The quadratic equation whose one root is ` - (i)/(4)` :

To find the quadratic equation whose one root is \(-\frac{i}{4}\), we can follow these steps: ### Step 1: Identify the roots Since one root is given as \(-\frac{i}{4}\), we denote this root as \(a = -\frac{i}{4}\). The other root, being the conjugate of the first root (as complex roots come in conjugate pairs), will be \(b = \frac{i}{4}\). ### Step 2: Write the quadratic equation The quadratic equation can be expressed in terms of its roots \(a\) and \(b\) using the formula: \[ (x - a)(x - b) = 0 \] Substituting the values of \(a\) and \(b\): \[ (x - (-\frac{i}{4}))(x - \frac{i}{4}) = 0 \] This simplifies to: \[ (x + \frac{i}{4})(x - \frac{i}{4}) = 0 \] ### Step 3: Apply the difference of squares formula The expression \((x + \frac{i}{4})(x - \frac{i}{4})\) can be simplified using the difference of squares formula: \[ a^2 - b^2 \] where \(a = x\) and \(b = \frac{i}{4}\).
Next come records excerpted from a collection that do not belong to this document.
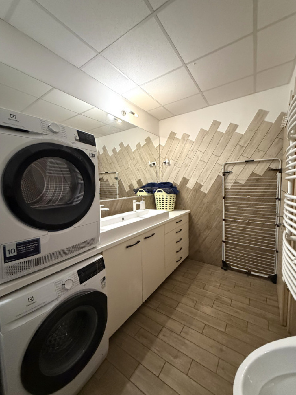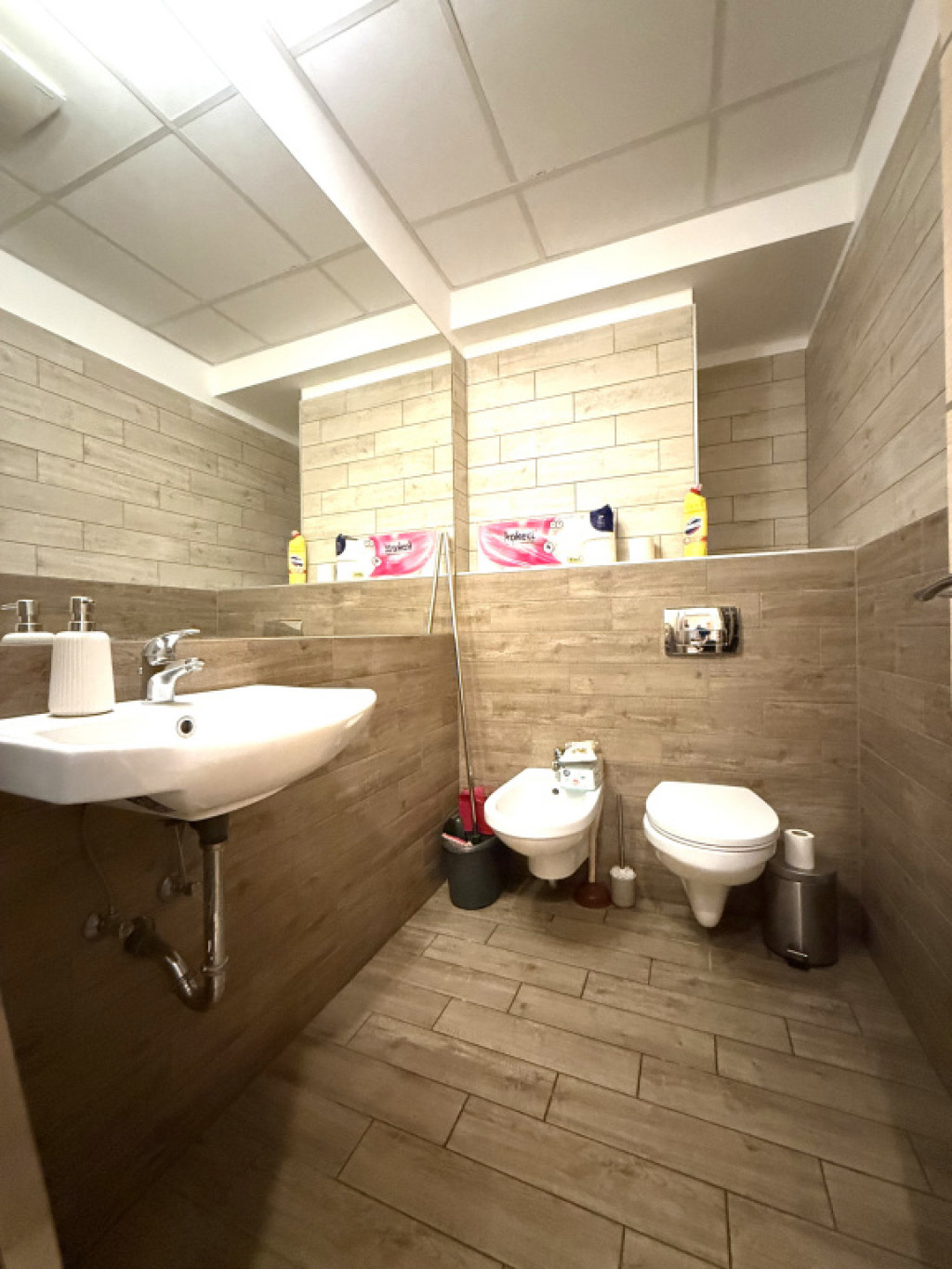 Külön kialakításra került egy kézmosóval és bidével felszerelt wc.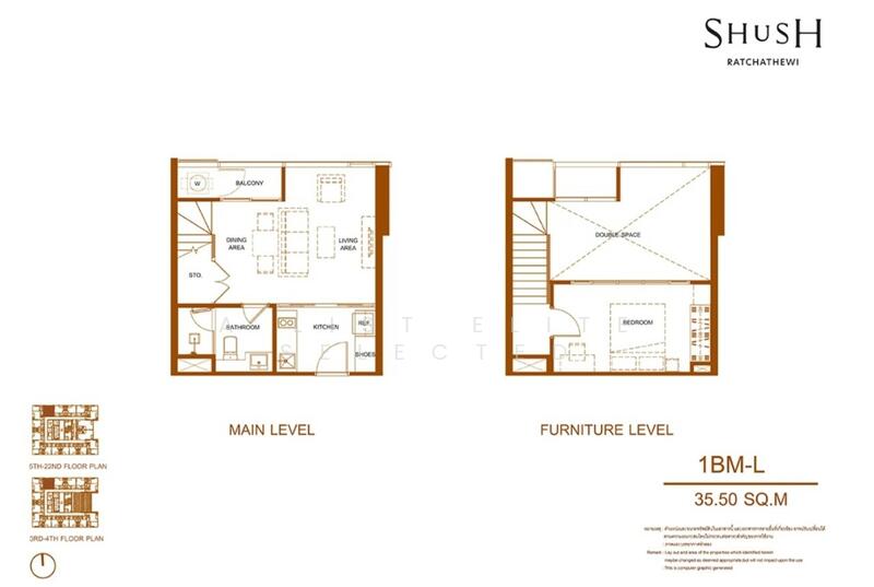 SHUSH Ratchathewi is a 32-storey condominium project situated along Phaya Thai Road in the heart of Ratchathewi CBD, just 140 metres from the Bangkok Transit System Ratchathewi Station and close to Siam Discovery within an 800 metres proximity. Developed by the Sansiri Public Company Limited, this project covers an area of approximately 3,200 square metres, featuring 383 units with living spaces ranging from 31.25-117.25 square metres, comprising 1-3 bedrooms and 1-3 bathrooms. Completion is expected in the year 2026 and the project adopts a freehold ownership structure. Due to its strategically advantageous location, residents of this project enjoy easy access to key destinations and lifestyle hubs. Within a 5 kilometre radius you have access to King Power Rangnam, Siam Paragon, Central World, MBK Center, Suan Dusit University and Rajavithi Hospital. In terms of convenient transportation, residents can choose from up to 4 connecting routes to other areas. These include Phetchaburi Road, approximately 120 metres from the project; Phitsanulok Road, about 1.1 kilometres away; Si Ayutthaya Road, roughly 1.6 kilometres away and Ratchathewi Road, approximately 2.6 kilometres away. SHUSH Ratchathewi embodies the concept of ‘Simphony,’ a new chapter in relaxed lifestyle living within the Ratchathewi CBD, seamlessly integrating green spaces and surrounded by an abundance of comprehensive amenities. Concealed ceiling air conditioning units Kitchen countertops adorned with large marble pattern tiles, equipped with wall-mounted and floor-standing cabinets. Electric stovetop, cooker hood, sink and microwave. Fully-equipped bathrooms with partitioned shower areas. ART DNA designed power outlets and switches. Installation of a 5 systems digital door lock from the Philips brand. The room configurations within the project are as follows: Loft units on 3rd-22th floors: With a ceiling height of 4.5 metres. The mezzanine has a ceiling height of 2.25 metres, while the bedroom area has a ceiling height of 2.2 metres. Common area expenses are calculated based on the actual title deed, specifically for the area on the 1st floor, excluding the mezzanine area. 1 Bedroom: This unit, with a title deed area of 28.50-28.75 square metres, has a living area 40.75-41.25 square metres, and is designed to accommodate 1 x bedroom, 1 x bathroom and 1 x foyer. 1 Bedroom: This unit, with a title deed area of 34.25-35.50 square metres, has a living area 49-50.50 square metres, and is designed to accommodate 1 x bedroom, 1 x bathroom and 1 x foyer. 2 Bedrooms: This unit, with a title deed area of 41.75-46.75 square metres, has a living area of 62.75-75.75 square metres, and is designed to accommodate 2 x bedrooms, 2 x bathrooms and 1x foyer. Simplex units on 23rd-24th floor and 26th-31st floor: With a ceiling height of 2.7 metres. 1 Bedroom: This unit, with a living area of 31.25-57.25 square metres, is designed to accommodate 1 x bedroom, 1 x bathroom and 1 x foyer. 2 Bedrooms: This unit, with a living area of 60 square metres, is designed to accommodate 2 x bedrooms, 1 x bathroom and 1 x foyer. 2 Bedrooms: This unit, with a living area of 70.25-89.50 square metres, is designed to accommodate 2 x bedrooms, 2 x bathrooms and 1 x foyer. 3 Bedrooms: This unit, with a living area of 97-117.25 square metres, is designed to accommodate 3 x bedrooms, 3 x bathrooms and 1 x foyer. SHUSH Ratchathewi is located adjacent to Phaya Thai Road, in the Phaya Thai Subdistrict, Ratchathewi District, Bangkok. To initiate travel to the project from Rama 1 Road, starting near Siam Paragon on the side facing the Phra Nakhon District, proceed for approximately 450 metres and make a right turn onto Phaya Thai Road. Continue on for another 900 metres and you will find the project sign on the left-hand side. For those coming from other routes, notable landmarks for navigation include: Ratchathewi Intersection: 200 metres from the project. Phaya Thai Intersection: 500 metres from the project. Uruphong Intersection: 2.1 kilometres from the project. Parking facilities: Accommodating 222 vehicles, equivalent to 58% of the total number of units. This includes 216 automated parking spaces and an additional 6 general parking spaces. The entire area is equipped with closed-circuit cameras (CCTV) and there are 24-hour security personnel. Elevators: The project features 3 passenger elevators and 1 cargo elevator. 1st Floor: A spacious lobby adorned with art installations, a waiting area for visitors, a public garden and a semi-outdoor observation point. 2nd Floor: Laundry room 3rd Floor: Garden view and cityscape observation grandstand. 24th Floor: Relaxation and viewing room, business meeting room, tutorial classroom, 2 x private relaxation room, entertainment room for gaming, listening to music and watching movies, plus a serene garden for relaxation. 25th Floor: Swimming pool with ozone system, approximately 25 metres in length; a segregated children's pool for safety; a fitness room equipped with a comprehensive range of exercise equipment 32nd Floor and Rooftop: Public park, serene garden, viewing point and backyard garden for growing vegetables. Personal assistant: Available every day from 8:00 am. - 8:00 pm. offering laundry services, room cleaning, parcel delivery and event planning reservation services. Water system: Within both the residential units and common areas, the HYDRO SMART water system is implemented to reduce dregs in the sanitary ware. Security system: Keycard access, digital door locks are installed in every unit, CCTV coverage, 24/7 personnel and a LIV-24 security system by Sansiri, ensure constant security surveillance. SHUSH Ratchathewi is centrally located in the Ratchathewi CBD, offering a highly convenient and bustling urban lifestyle. Details are further outlined as follows. Taxis available in front of the project. Motorcycle taxis available in front of the project. Bangkok Transit System Ratchathewi Station: 170 metres from the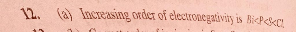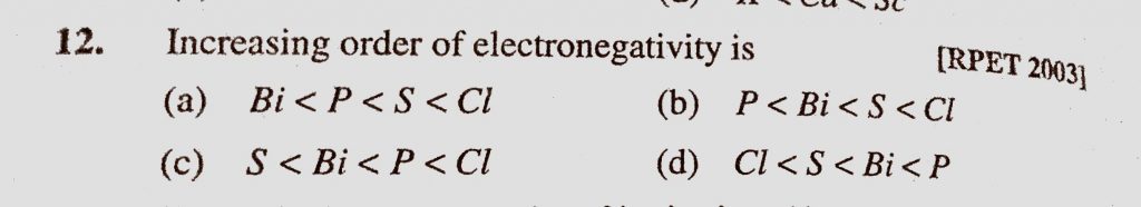 Increasing order of electronegativity is (a) Bi < P < S < Cl (b) P < Bi < S < Cl (c) S < Bi < P < Cl Increasing order of electronegativity is (a) Bi < P < S < Cl (b) P < Bi < S < Cl (c) S < Bi < P < Cl November 10, 2020 Category: Uncategorised (JEE Advanced Physics by BM Sharma + GMP Solutions) , Facebook Messenger WhatsApp Share this:TwitterFacebook Related

Thus, we have: \[ x^2 - \left(\frac{i}{4}\right)^2 = 0 \] ### Step 4: Calculate \(\left(\frac{i}{4}\right)^2\) Calculating \(\left(\frac{i}{4}\right)^2\): \[ \left(\frac{i}{4}\right)^2 = \frac{i^2}{16} = \frac{-1}{16} \] since \(i^2 = -1\). ### Step 5: Substitute back into the equation Substituting this back into the equation gives: \[ x^2 - \left(-\frac{1}{16}\right) = 0 \] which simplifies to: \[ x^2 + \frac{1}{16} = 0 \] ### Conclusion Thus, the quadratic equation whose one root is \(-\frac{i}{4}\) is: \[ x^2 + \frac{1}{16} = 0 \] ### Final Answer The correct option is: **Option C: \(x^2 + \frac{1}{16} = 0\)**